Give back the data below word for word. Any image in it should be left out.

DATA:
┄┄┄┄┄┄

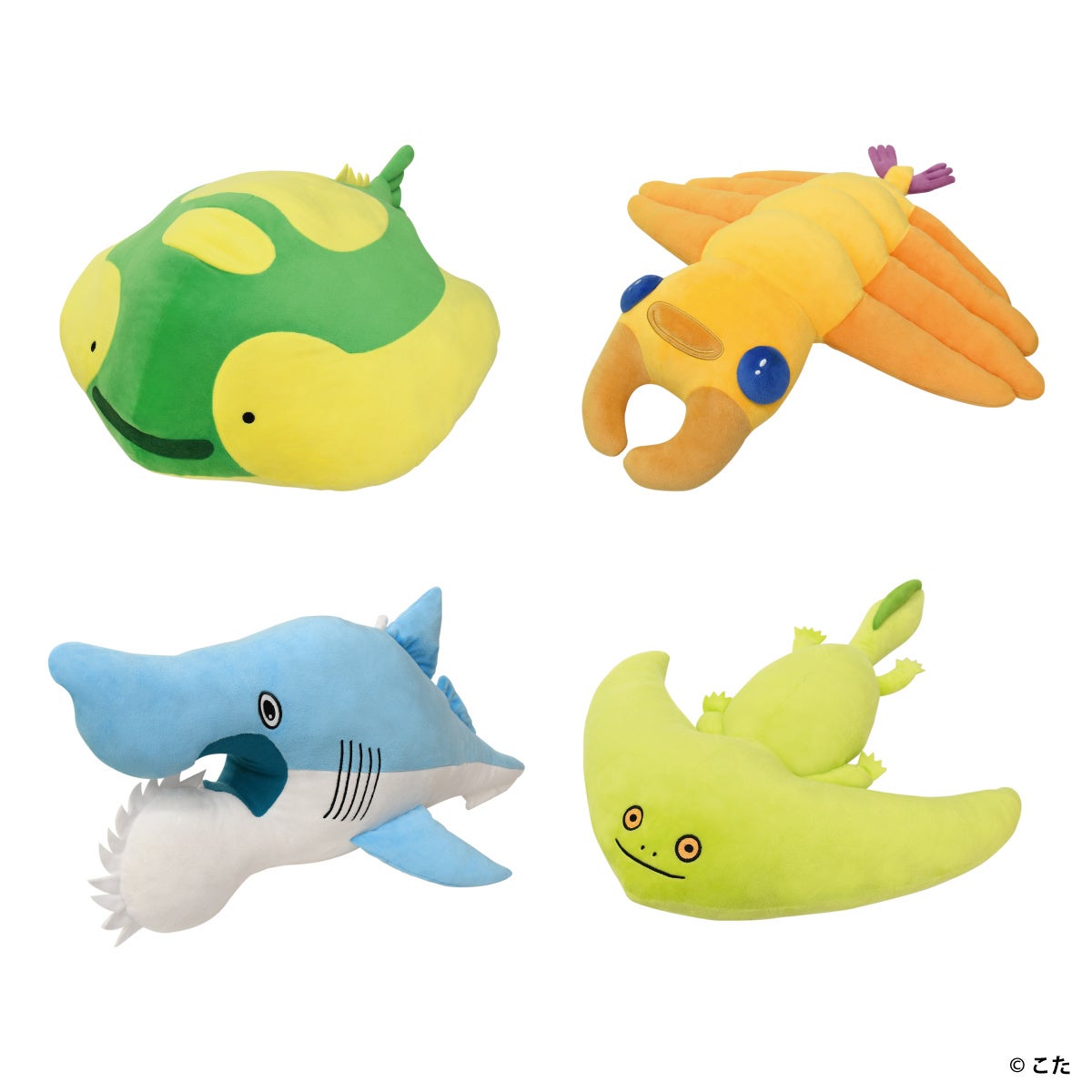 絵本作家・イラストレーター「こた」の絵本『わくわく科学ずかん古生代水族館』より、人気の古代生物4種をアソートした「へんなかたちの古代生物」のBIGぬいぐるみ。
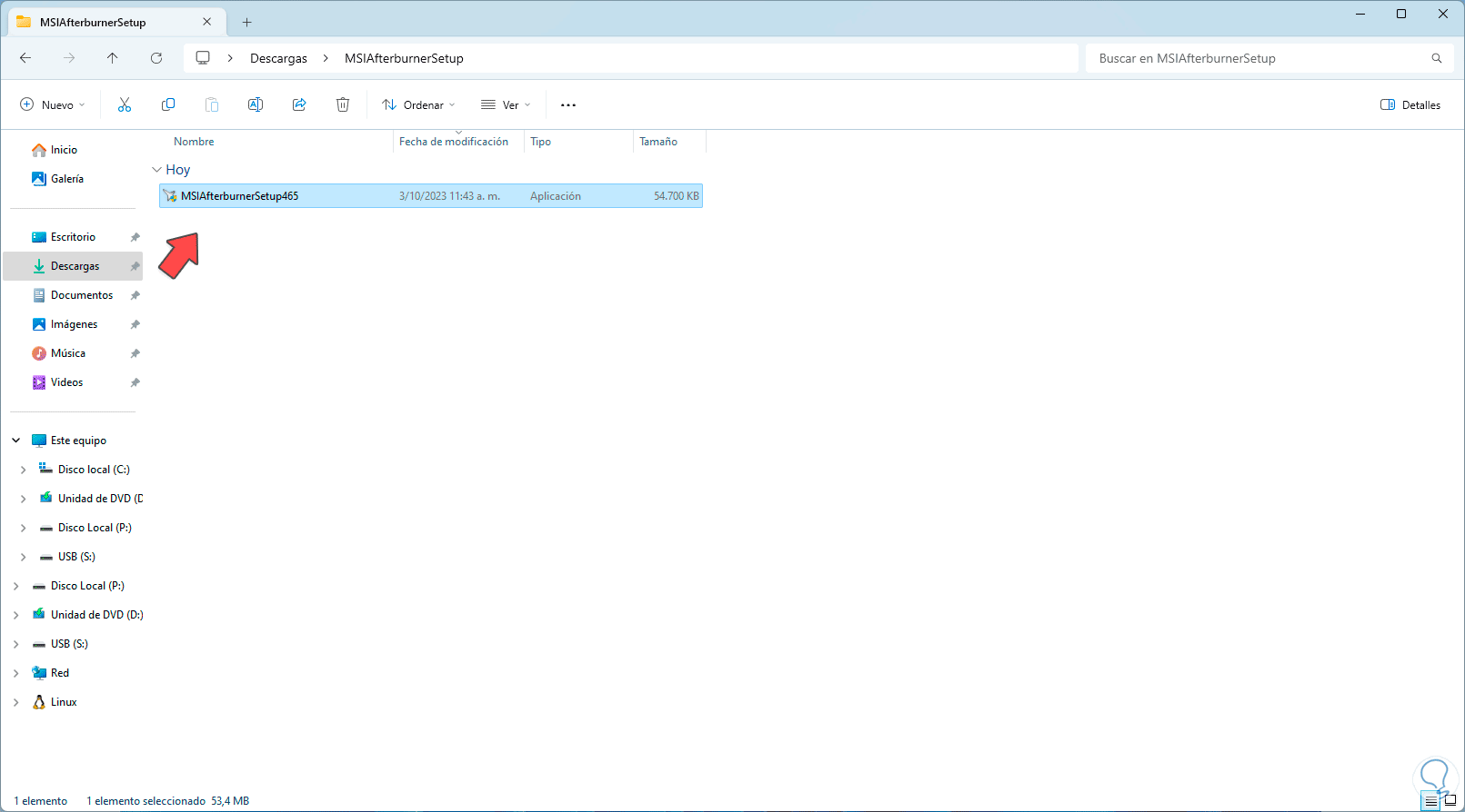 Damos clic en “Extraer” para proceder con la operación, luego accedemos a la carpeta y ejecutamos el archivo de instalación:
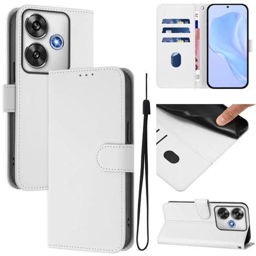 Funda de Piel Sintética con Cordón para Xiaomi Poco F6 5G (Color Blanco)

┄┄┄┄┄┄

SOLVED EXERCISE:
 絵本作家・イラストレーター「こた」の絵本『わくわく科学ずかん古生代水族館』より、人気の古代生物4種をアソートした「へんなかたちの古代生物」のBIGぬいぐるみ。
 Damos clic en “Extraer” para proceder con la operación, luego accedemos a la carpeta y ejecutamos el archivo de instalación:
 Funda de Piel Sintética con Cordón para Xiaomi Poco F6 5G (Color Blanco)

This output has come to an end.